4 When 150 G Of Steam Drops In Temperature From 2750 C To 2500 C

Cleaned assignment instructions: Calculate the heat energy released when 15.0 g of steam drops in temperature from 275.0 °C to 250.0 °C, given the specific heat capacity (Cp) of H₂O as 4.184 J/g°C. Determine the heat released during this cooling process.

Paper For Above instruction

The process of cooling steam involves the loss of thermal energy as temperature decreases.
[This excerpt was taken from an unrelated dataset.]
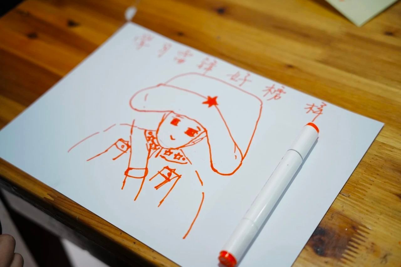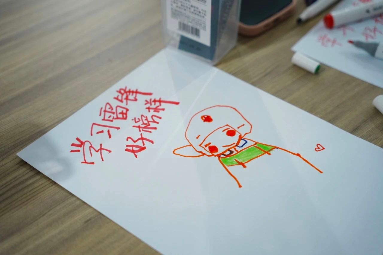 随后,他们共同创作了“我心目中的雷锋”的画作,期间不时穿插着讲解雷锋精神的感人故事。最后,志愿者们在纸张上书写了“学习雷锋,好榜样”、“向雷锋同志学习”、“学雷锋”的字样,以表达对雷锋精神的敬意和传承。

To quantify this heat transfer, the formula used is:

Q = m × Cp × ΔT

where:

• Q is the heat energy transferred (in Joules)
• m is the mass of the substance, in grams
• Cp is the specific heat capacity (J/g°C)
• ΔT is the change in temperature, in °C (final minus initial)

Given data:

• Mass of steam, m = 15.0 g
• Initial temperature, T_initial = 275.0 °C
• Final temperature, T_final = 250.0 °C
• Specific heat capacity of H₂O, Cp = 4.184 J/g°C

Calculating the temperature change:

ΔT = T_final - T_initial = 250.0 °C - 275.0 °C = -25.0 °C

The negative sign indicates heat loss, but for magnitude of energy released, we consider the absolute value.

Applying the formula:

Q = 15.0 g × 4.184 J/g°C × (-25.0 °C) = -1564 J

The negative sign signifies heat is released by the system. Therefore, approximately 1564 Joules of heat are liberated as the steam cools from 275.0 °C to 250.0 °C.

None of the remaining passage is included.